Gem. § 102 Abs. 2 Satz 1 SGG gilt eine Klage als zurückgenommen, wenn der Kläger das Verfahren trotz Aufforderung des Gerichts länger als drei Monate nicht betreibt. Gem. Satz 3 der Vorschrift ist der Kläger in der Aufforderung auf die sich aus Satz 1 und gegebenenfalls aus § 197a Abs. 1 Satz 1 SGG i.V.m. § 155 Abs. 2 der Verwaltungsgerichtsordnung (VwGO) ergebenden Rechtsfolgen hinzuweisen.
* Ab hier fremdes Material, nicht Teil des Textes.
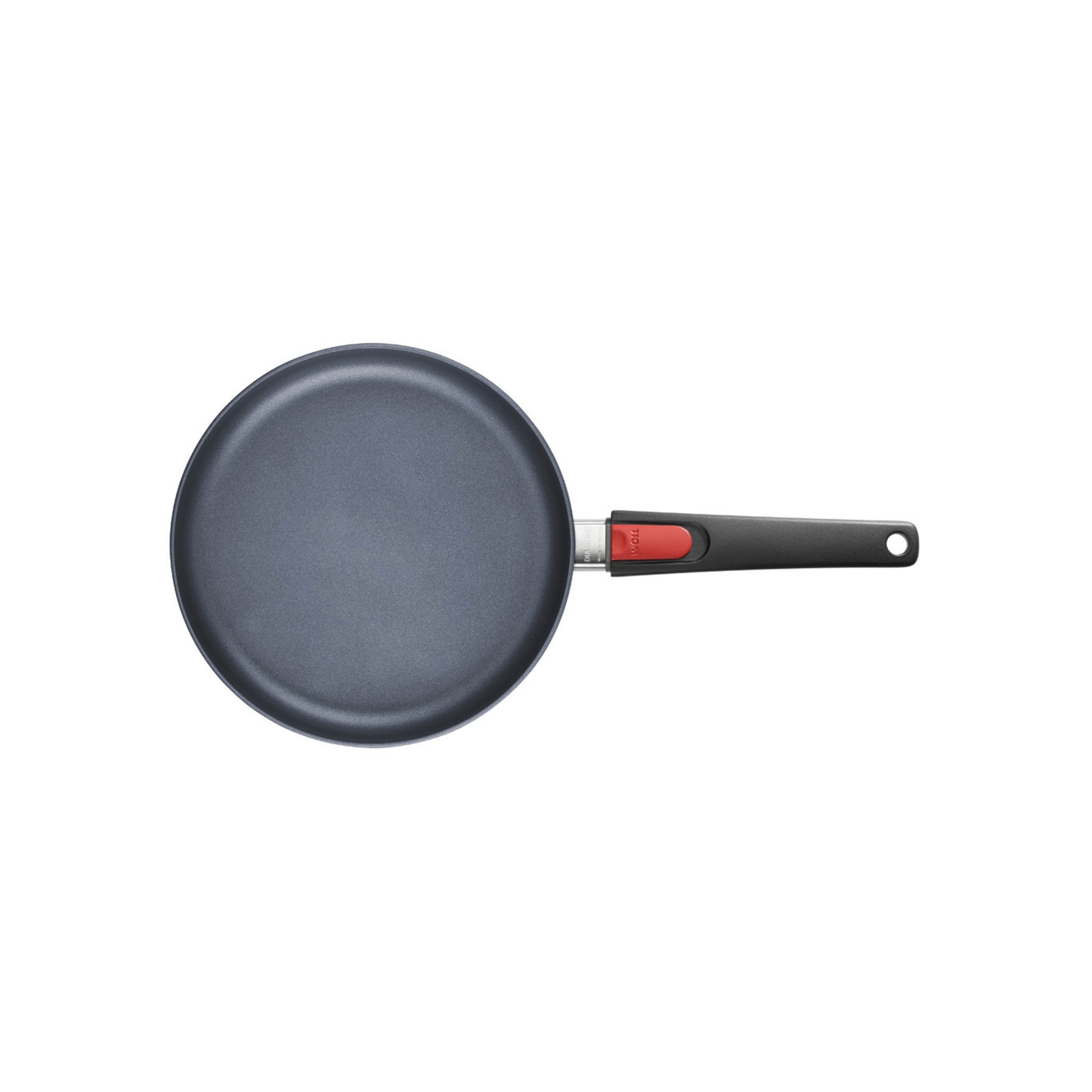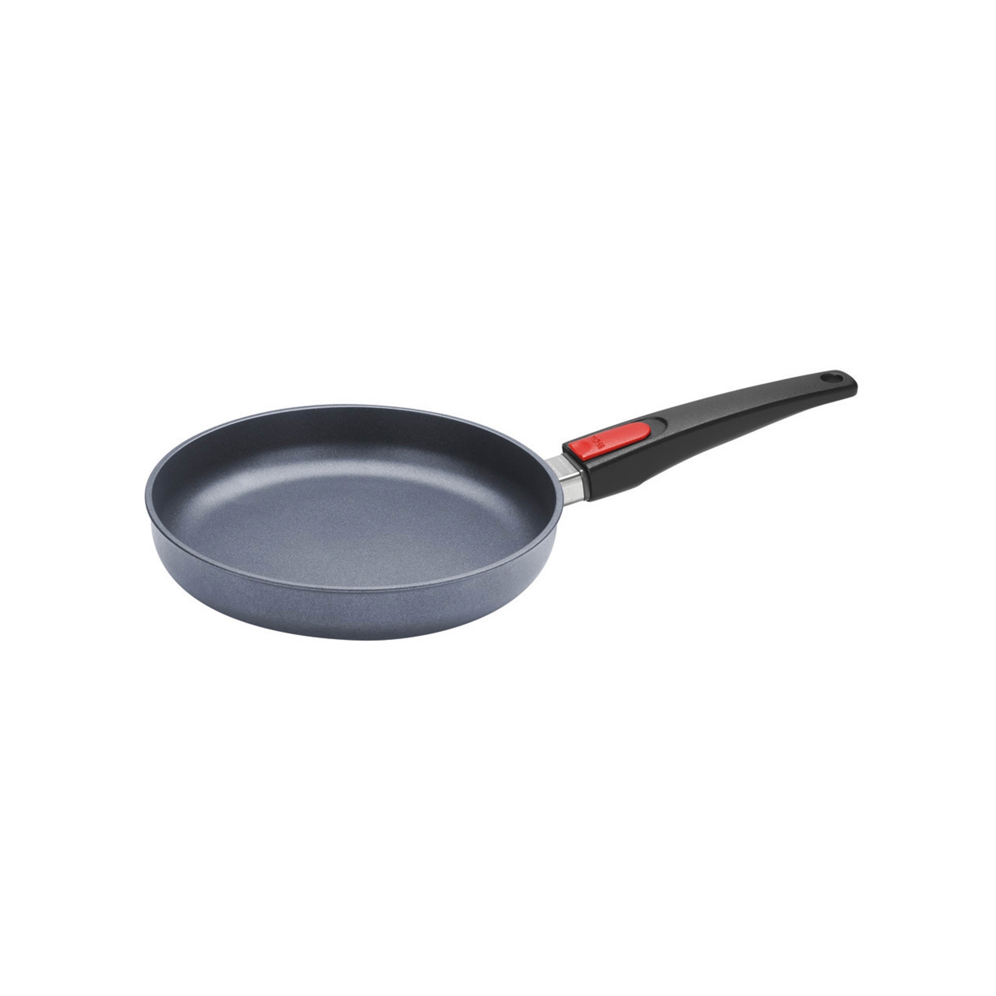 ?Diamond Lite low frying pan with removable handle (diameter 24 cm) made of hand-cast aluminum with 5-layer diamond non-stick coating. Perfect for frying, sautéing and baking a variety of dishes, this pan is made with high-quality materials for exceptional cooking results. Its non-stick coating ensures easy food removal and effortless cleaning, making it a valuable addition to your kitchen. Made by Woll.
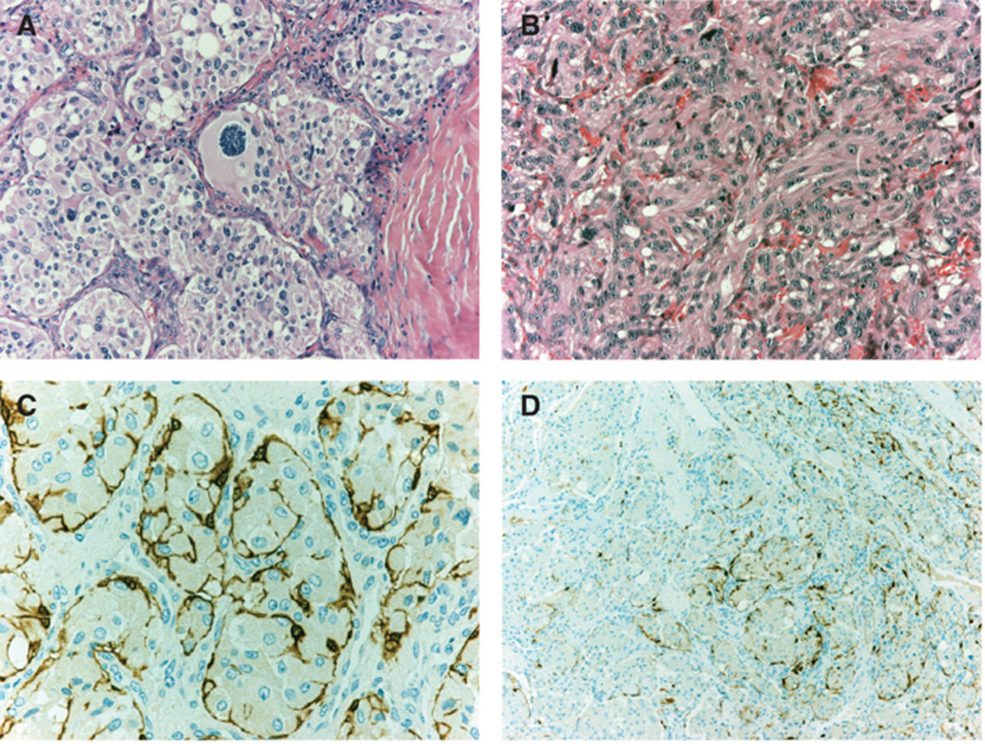 Figure 2 Atypical patterns and sustentacular cells in carotid body and vagal paragangliomas. (A) Atypical monster cell in carotid body paraganglioma (HE, 200x). (B) Carotid body paraganglioma with a pseudosarcomatous pattern (HE, 200x). (C) Carotid body paraganglioma with dendritic processes of sustentacular cells highlighted by immunostaining with antibody to S-100 (400x). (D) Carotid body paraganglioma showing dishomogeneous distribution of the sustentacular cells, immunostained with anti-S-100 (100x).

Nach § 155 Abs. 2 VwGO trägt derjenige die Kosten, der die Klage zurücknimmt. Der Hinweis nach § 102 Abs. 2 Satz 3 SGG ist nicht lediglich bloße Ordnungsvorschrift, sondern Voraussetzung für den Eintritt der Klagerücknahmefiktion des Satz 1. Unterbleibt er oder ist er nicht ordnungsgemäß ergangen oder zugestellt worden (§ 63 Abs. 1 Satz 1 SGG), kann die Klage nicht als zurückgenommen gelten (Leitherer in Meyer-Ladewig/Keller /Leitherer, aaO § 102 Rn. 8c).

Das am 15. Januar 2010 dem Kläger zugestellt Schreiben des Sozialgerichts enthielt keinen Hinweis auf die Kostenfolge des § 155 Abs. 2 VwGO. Gem. § 197a Abs. 1 Satz 1, 3. Halbs. SGG findet diese Kostenregelung jedoch Anwendung. Denn weder Kläger noch Beklagte gehören zu den in § 183 SGG genannten kostenprivilegierten Personen. Insbesondere ist der Kläger in seiner Eigenschaft als Arbeitgeber von der Beklagten als Beitragsschuldner in Anspruch genommen worden.

4. Kosten sind nicht zu erstatten (§ 73a Abs. 1 Satz 1 SGG iVm § 127 Abs. 4 ZPO).

Dieser Beschluss ist nicht anfechtbar (§ 177 SGG).